PZ’s Podcast 112 & 113: Kipling’s Lightworks and The Two Geralds

Episode 112: Kipling’s Lightworks Kipling shed light! This second talk on his poems and short […]

Mockingbird / 7.2.12

Episode 112: Kipling’s Lightworks

Kipling shed light! This second talk on his poems and short stories, but especially his poems, sings the praises of the inspired bard. Interestingly, two of his best hymns were cut from The Hymnal (1982) — and not on “political correctness” grounds but on Christological grounds. It was thought that “Recessional” and “Children’s Song” were not specific enough. Whether this was right or wrong, we lost two inheritances, two great poems, for my money, rooted in “love to the loveless” and the critique of power.

I hope you will want to read “Epitaphs of the War 1914-1918”, and maybe even think of drones. In any event, no one could lay on the author of these epitaphs anything resembling a charge of nationalism.

Take a look, too, at Kipling’s last story, written just before he died. It is called “Proofs of Holy Writ” and can be found here.

It concerns Bible translation. “ARISE, shine, for thy light has come.”

Podcast 112 is dedicated to Stuart Gerson.

Episode 113: The Two Geralds

They are Gerald Fried (b. 1928) and Gerald Heard (d. 1971).

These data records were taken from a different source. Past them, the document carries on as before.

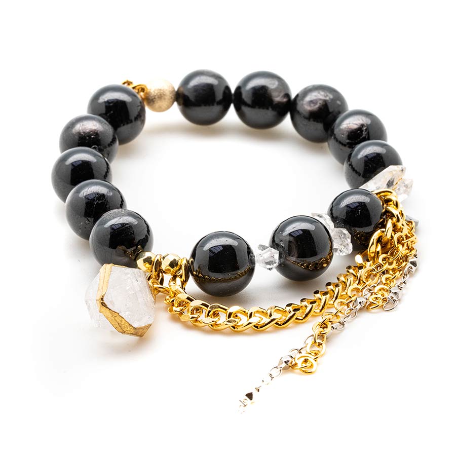Large hypersthene with a 18kt gold plate wrapped herkimer diamond pendant. 18kt gold stardust accent bead and gold rhodium chain and tasseling. Herkimer diamond accents. 7 inch stretch bracelet.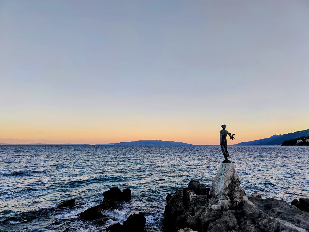 町のシンボルとも呼べる有名な彫刻「かもめと少女」。20世紀に活躍したクロアチアの彫刻家ズボンコ・カル(Zvonko Car)によって手掛けられた作品です。岩の上に立ち、アドリア海の向こう側を見つめ続ける少女……。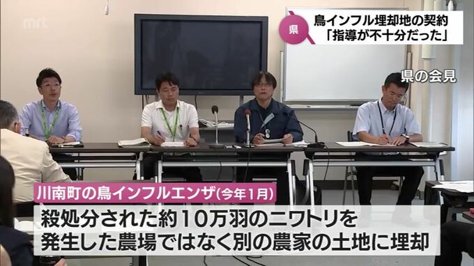 今年1月、川南町の養鶏場で発生した鳥インフルエンザで、宮崎県は、処分したニワトリの埋却地について、所有者との契約に関する指導が不十分だったと発表しました。県によりますと、今年1月、川南町の養鶏場で鳥イ…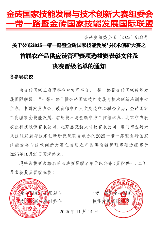近日,2025年第九届一带一路暨金砖国家技能发展与技术创新大赛“首届农产品供应链管理赛项”全国选拔赛中。我校数字金融产业学院现代物流管理专业选派的学生团队,在全国249支参赛队伍中脱颖而出,凭借扎实的专业功底与出色的实战能力,成功斩获选拔赛南区二等奖,充分展现了我校在物流管理领域的人才培养成效与教学实力。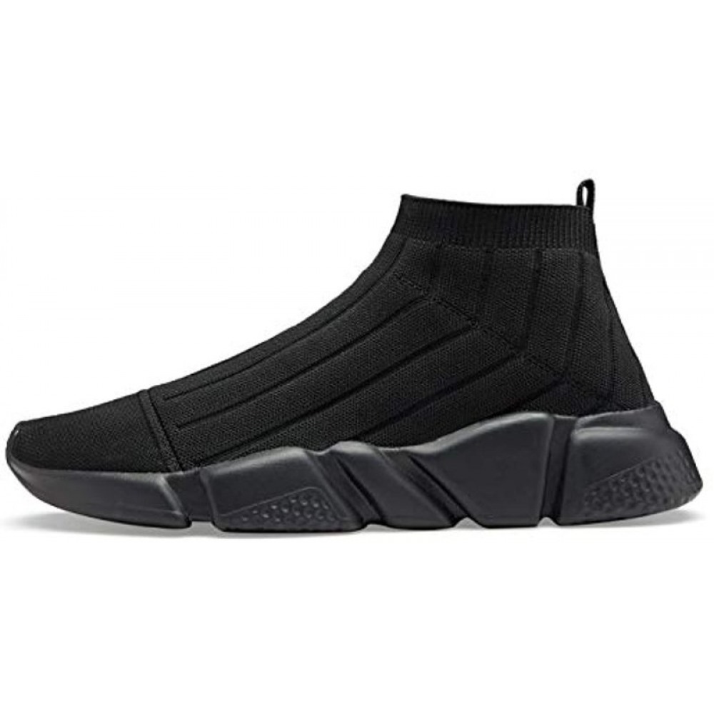 Men's Running Shoes Breathable Knit Slip On Sneakers Lightweight Athletic Shoes Casual Sports Shoes All Black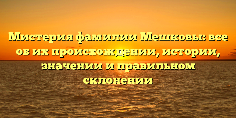 - Раскрытие тайны фамилии Мешковы: происхождение, значение и правильное склонение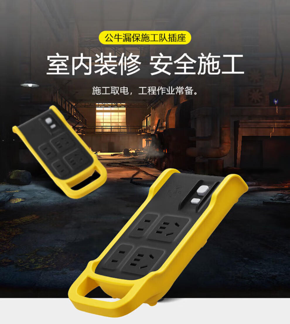 公牛(BULL) 耐摔抗摔不烂插板/插排/插拖线板/工程户外施工作业黄色插座新国标GN-C122L 漏电保护无线

Both mined the unconscious: Fried in B-movie (and other) musical scores; Heard, in novels of detection and fantastic short stories.

There is nothing like Fried’s intruding tonalities to hook you in your un-abreacted pain. There is nothing like Heard’s monistic short stories to turn religious assertions into subterranean echoes.

For reference, see Fried’s Mack-Truck track for the character ‘Jane Lindstrom’s’ “Breatkthrough” in Cabinet of Caligari (1962), with Glynis Johns and Dan O’Herlihy. Or rather, hear it! (at the end of the podcast)

Or read Heard’s 1944 short story entitled “Despair Deferred…?”. I’ve read no other story like it, this un-masking of the world’s “tyranny of the urgent”.

Both of the two Geralds understood about the non-rational characteristic of human actions. Their work embodies the characteristic, and is therefore therapeutic.

Had Christ been in a position to publish his parables and similes, under what name would he have published them? Gerald Heard chose “H.F. Heard” for most of his fiction. He hid a part of himself within it. Fried was content to be the “background” to works with titles like “I Bury the Living” and “Curse of the Faceless Man”. (Yet who isn’t “faceless”? and who isn’t “buried”, though “living”?)

This podcast is about sub-rational communication. It is also a handbook for preachers.